*ENTRIES SUPPLIED*

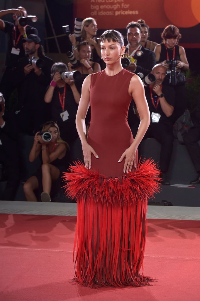 Úrsula Corberó usou look vermelho da Bottega Veneta — Foto: Getty Images
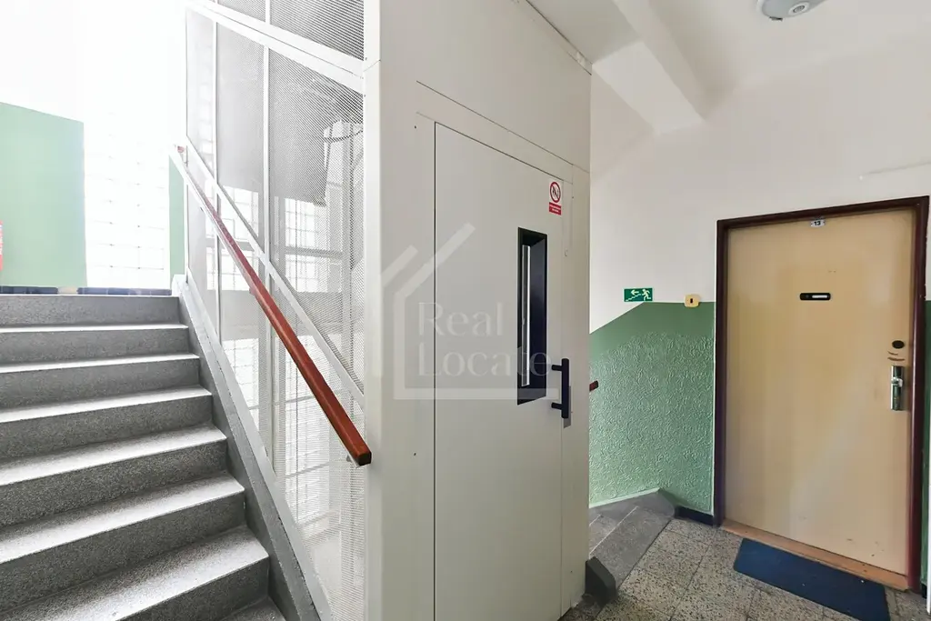 Byt se nachází v 5. podlaží udržovaného cihlového domu a díky orientaci dvou místností na východ a dvou na západ a nabízí příjemné světelné podmínky po celý den.
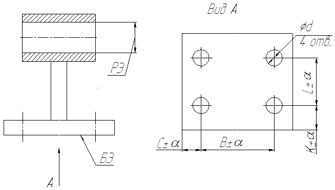 Четыре координирующих размера – L, В, С и К имеют, чаще всего, точность , а отверстия по 12 квалитету. Такие связки обычно обрабатываются за одну операцию сверлением в кондукторе. Схема обработки показана на рис.2. Главная база – плоскость,от которой задан скрытый размер – перпендикулярность осей отверстий относительно этой плоскости. Размеры L и В внутрикомплексные, размеры С и К исходные, для них выполняется принцип совмещения баз.
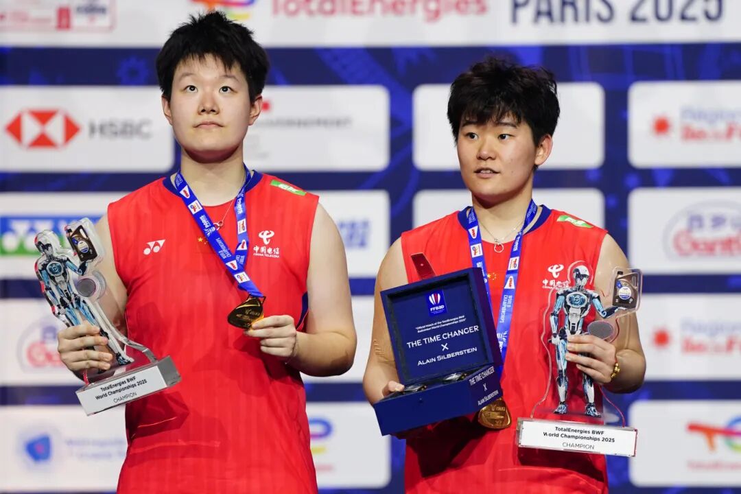 女雙決賽,頭號種子劉圣書/譚寧對陣2號種子、馬來西亞強檔陳康樂/蒂娜,經(jīng)過83分鐘的鏖戰(zhàn),“圣壇”組合以21比14、20比22、21比17戰(zhàn)勝對手,首次參加世錦賽就拿到了冠軍,也成為國羽首對“00后”雙打單項世界冠軍獲得者。
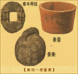 秦始皇以原秦国的度、量、衡为单位标准,淘汰与此不合的制度。秦廷在原商鞅颁布的标准器上再加刻诏书铭文,或另行制作相同的标准器刻上铭文,发到全国。与标准器不同的度、量、衡一律禁止使用。
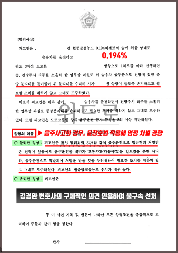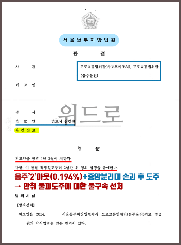 -> 김경환 교통범죄전담 검사출신변호사의 조력으로 불구속 선처. 참고로, 윤창호법에 의해 단순 음주2아웃만으로도 가중처벌대상인데, 물피사고도주, 만취운전까지하는 것은 실형사안에 가깝습니다.
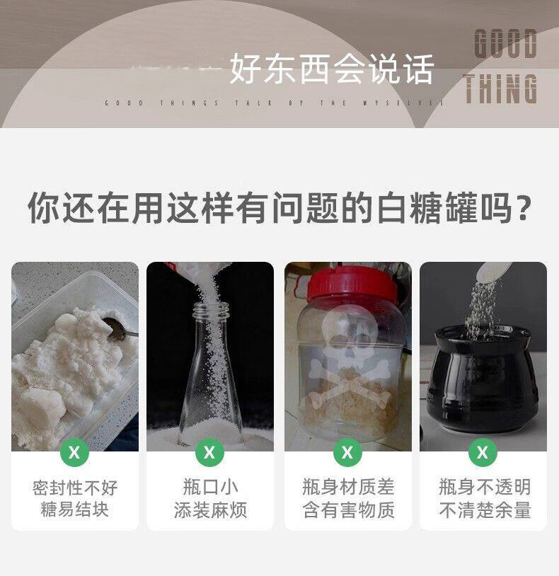洋臣白糖分装瓶密封罐塑料密封储罐子厨房家用红糖白砂糖食级防潮纳罐 白糖密封罐450ml【2个】
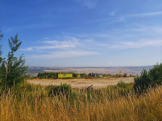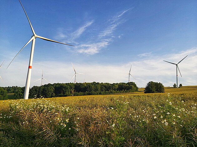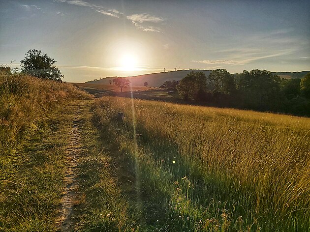 Slunce se vyhouplo nad obzor ve chvíli, kdy jsem asfalt opustila a šla po pěšině podél hranice. Za sebou jsem nechala Lysý vrch s větrnými elektrárnami, po pravé ruce jsem měla zbytky větrného mlýna a před sebou další skupinu větrných elektráren. Začínala jsem si na ně zvykat.

*TASK INSTRUCTIONS*
Exact copies of the lines from the one containing "洋臣白糖分装瓶密封罐塑料密封" through the final line of the data are required; pictures are to be omitted.

*TASK OUTPUT*
洋臣白糖分装瓶密封罐塑料密封储罐子厨房家用红糖白砂糖食级防潮纳罐 白糖密封罐450ml【2个】
 Slunce se vyhouplo nad obzor ve chvíli, kdy jsem asfalt opustila a šla po pěšině podél hranice. Za sebou jsem nechala Lysý vrch s větrnými elektrárnami, po pravé ruce jsem měla zbytky větrného mlýna a před sebou další skupinu větrných elektráren. Začínala jsem si na ně zvykat.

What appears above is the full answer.